Brief:
Write out the whole listing below exactly, skipping each picture.

Records for processing:

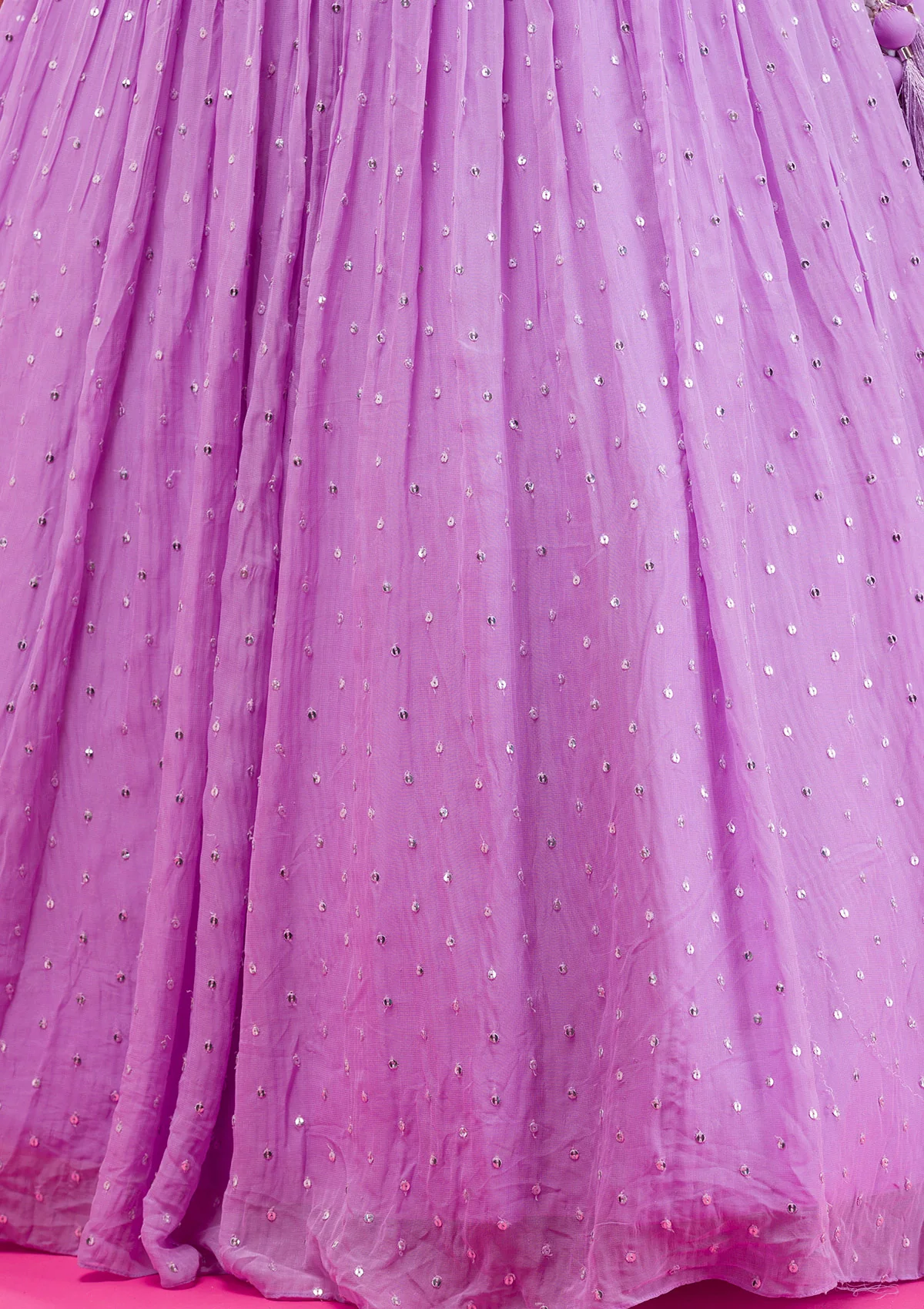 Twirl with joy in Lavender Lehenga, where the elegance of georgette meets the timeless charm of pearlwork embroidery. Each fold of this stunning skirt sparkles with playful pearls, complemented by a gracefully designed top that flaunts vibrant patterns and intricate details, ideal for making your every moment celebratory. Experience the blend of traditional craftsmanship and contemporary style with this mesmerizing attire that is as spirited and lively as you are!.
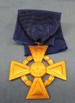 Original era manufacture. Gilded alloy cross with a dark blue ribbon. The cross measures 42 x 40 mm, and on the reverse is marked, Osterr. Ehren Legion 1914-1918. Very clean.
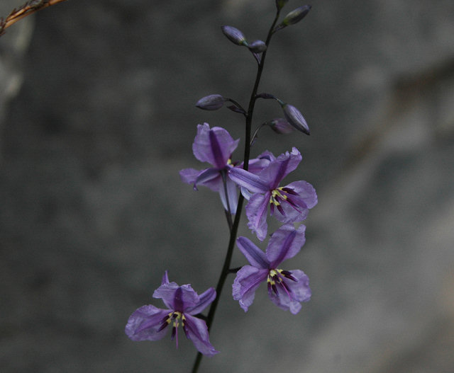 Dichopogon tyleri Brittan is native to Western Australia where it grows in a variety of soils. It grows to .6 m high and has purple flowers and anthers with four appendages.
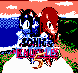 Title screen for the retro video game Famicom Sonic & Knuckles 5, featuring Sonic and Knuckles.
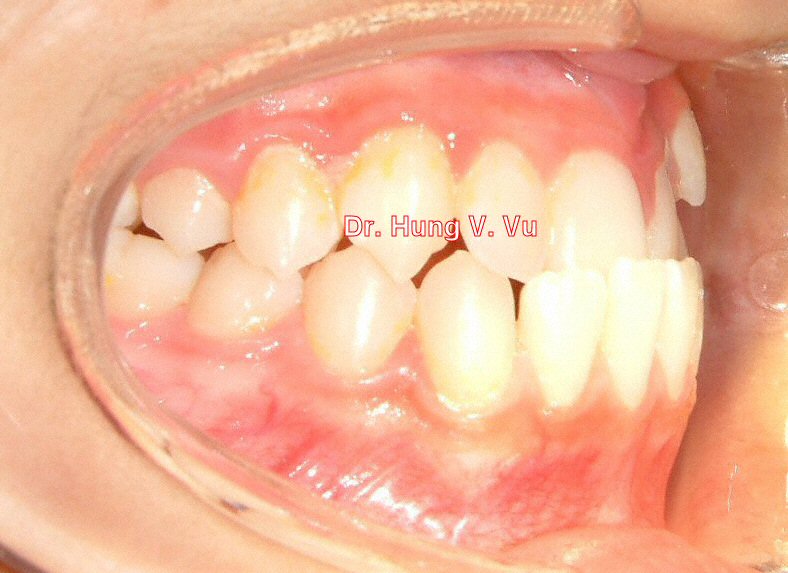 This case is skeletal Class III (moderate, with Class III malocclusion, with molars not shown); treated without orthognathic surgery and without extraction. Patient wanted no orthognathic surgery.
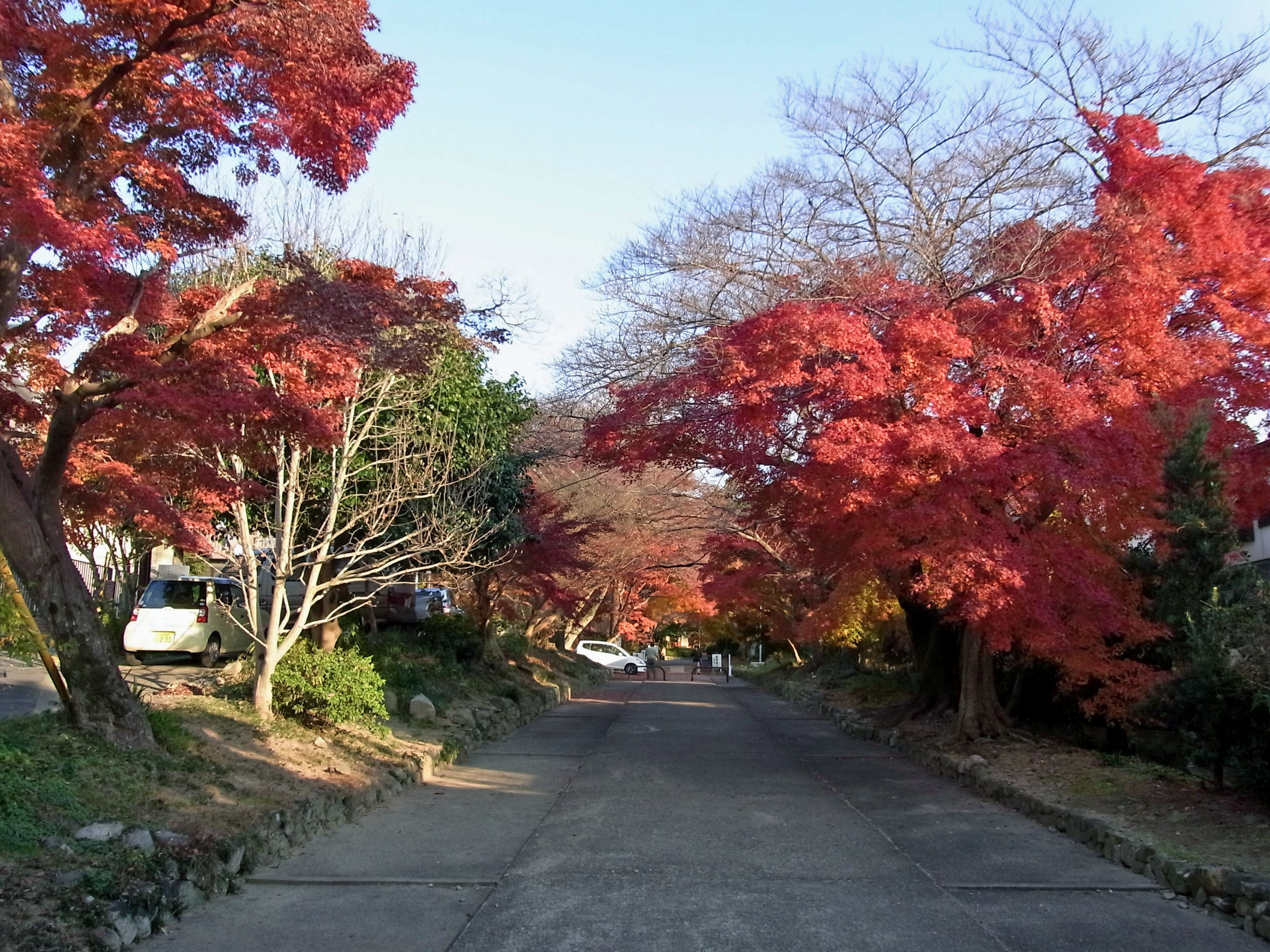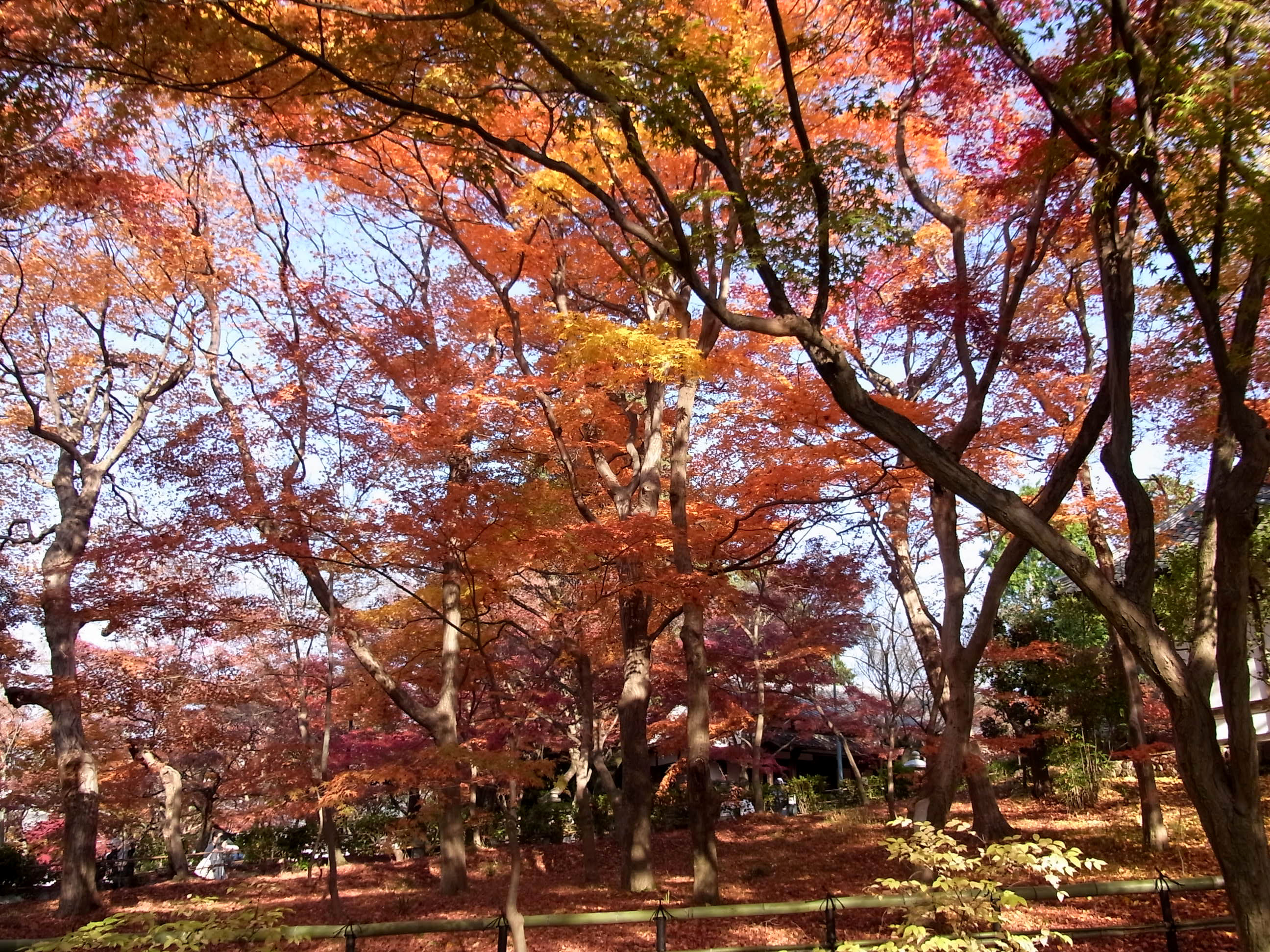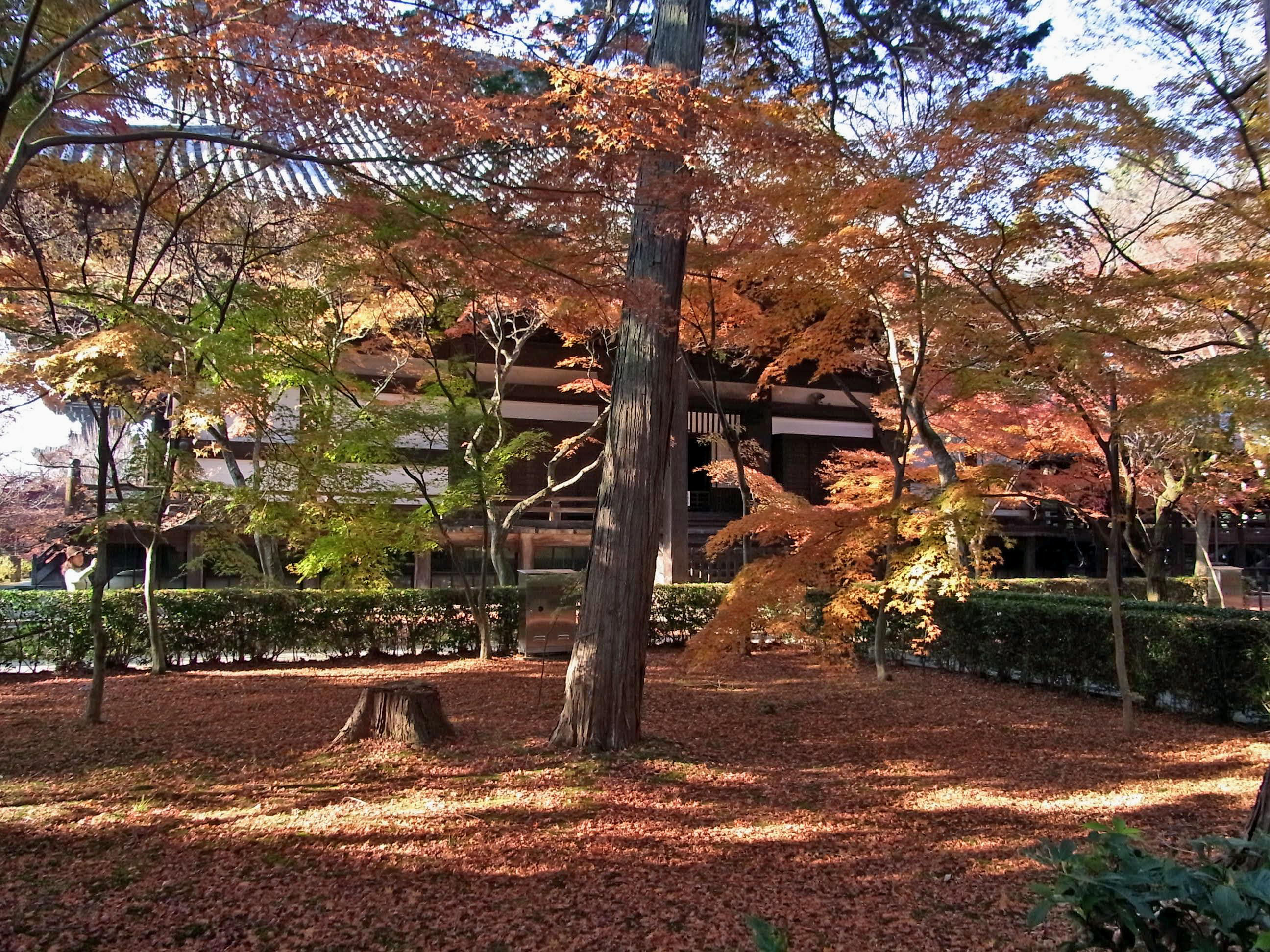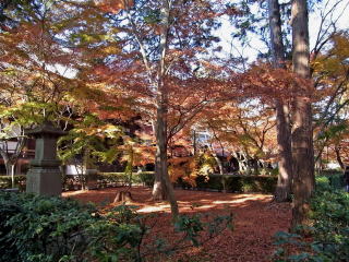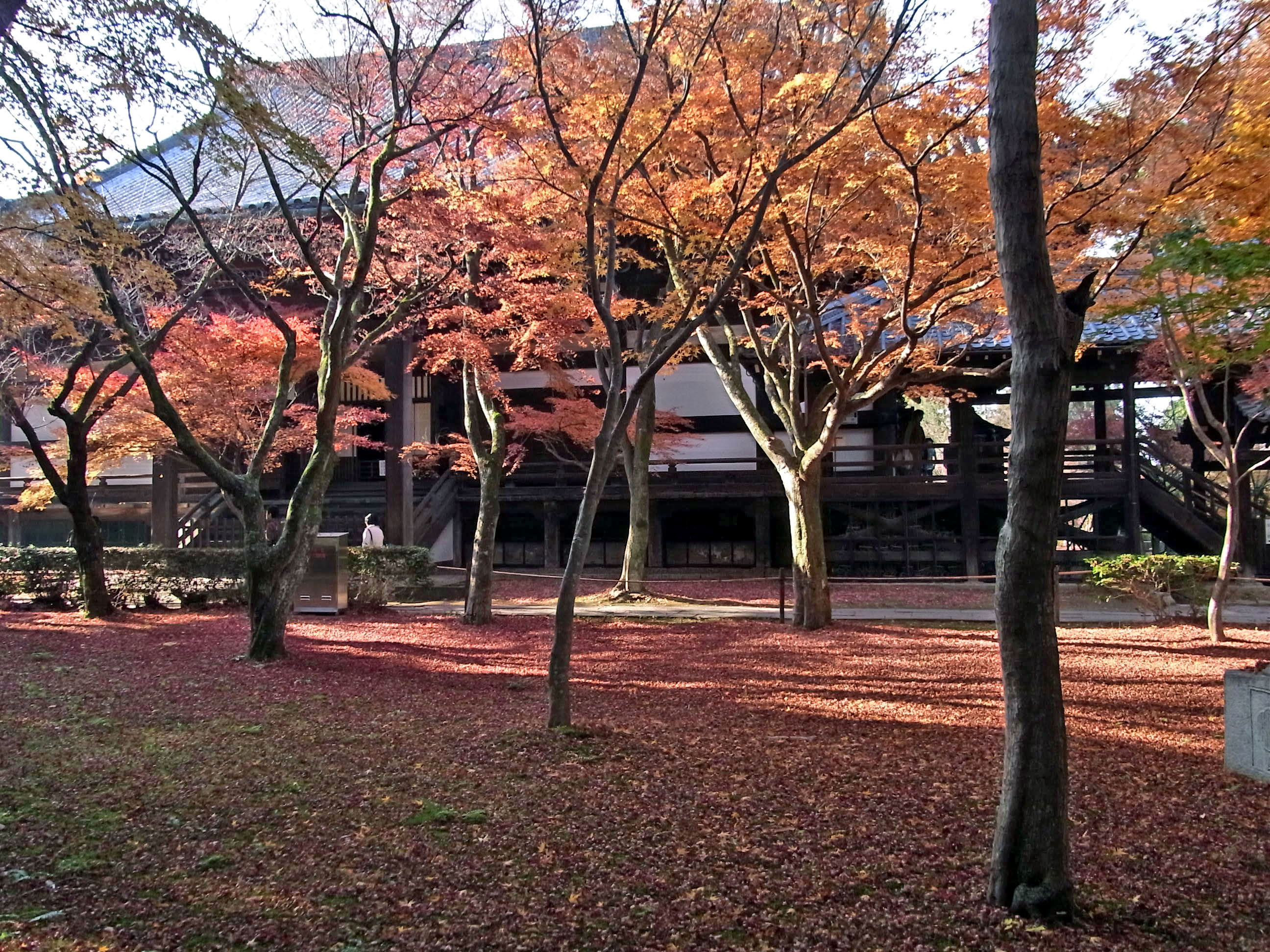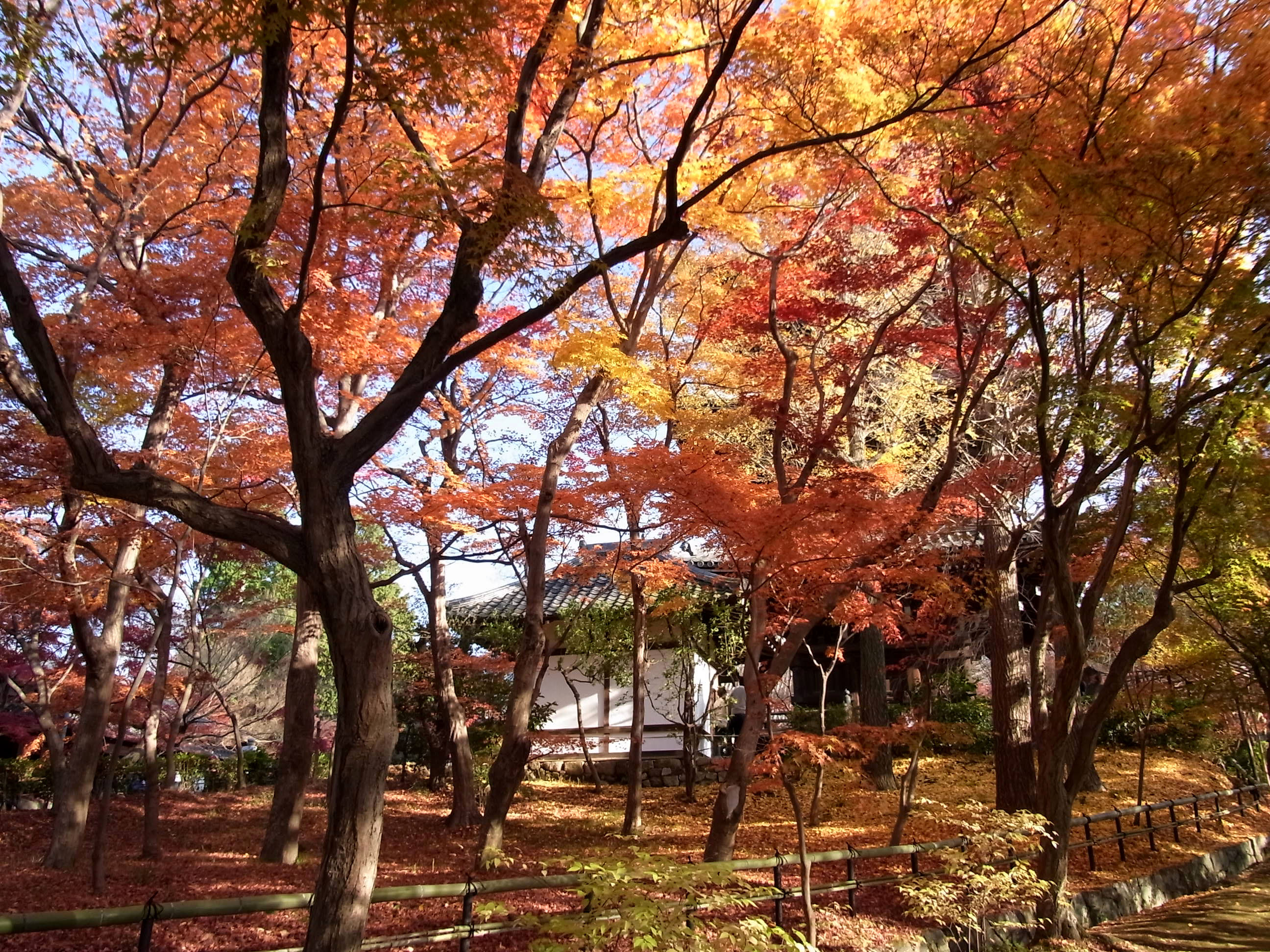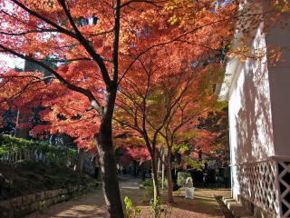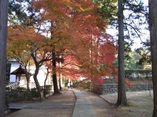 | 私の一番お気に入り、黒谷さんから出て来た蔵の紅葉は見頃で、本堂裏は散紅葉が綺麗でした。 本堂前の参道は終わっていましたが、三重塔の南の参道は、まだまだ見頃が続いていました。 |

Expected answer:
 Twirl with joy in Lavender Lehenga, where the elegance of georgette meets the timeless charm of pearlwork embroidery. Each fold of this stunning skirt sparkles with playful pearls, complemented by a gracefully designed top that flaunts vibrant patterns and intricate details, ideal for making your every moment celebratory. Experience the blend of traditional craftsmanship and contemporary style with this mesmerizing attire that is as spirited and lively as you are!.
 Original era manufacture. Gilded alloy cross with a dark blue ribbon. The cross measures 42 x 40 mm, and on the reverse is marked, Osterr. Ehren Legion 1914-1918. Very clean.
 Dichopogon tyleri Brittan is native to Western Australia where it grows in a variety of soils. It grows to .6 m high and has purple flowers and anthers with four appendages.
 Title screen for the retro video game Famicom Sonic & Knuckles 5, featuring Sonic and Knuckles.
 This case is skeletal Class III (moderate, with Class III malocclusion, with molars not shown); treated without orthognathic surgery and without extraction. Patient wanted no orthognathic surgery.
 | 私の一番お気に入り、黒谷さんから出て来た蔵の紅葉は見頃で、本堂裏は散紅葉が綺麗でした。 本堂前の参道は終わっていましたが、三重塔の南の参道は、まだまだ見頃が続いていました。 |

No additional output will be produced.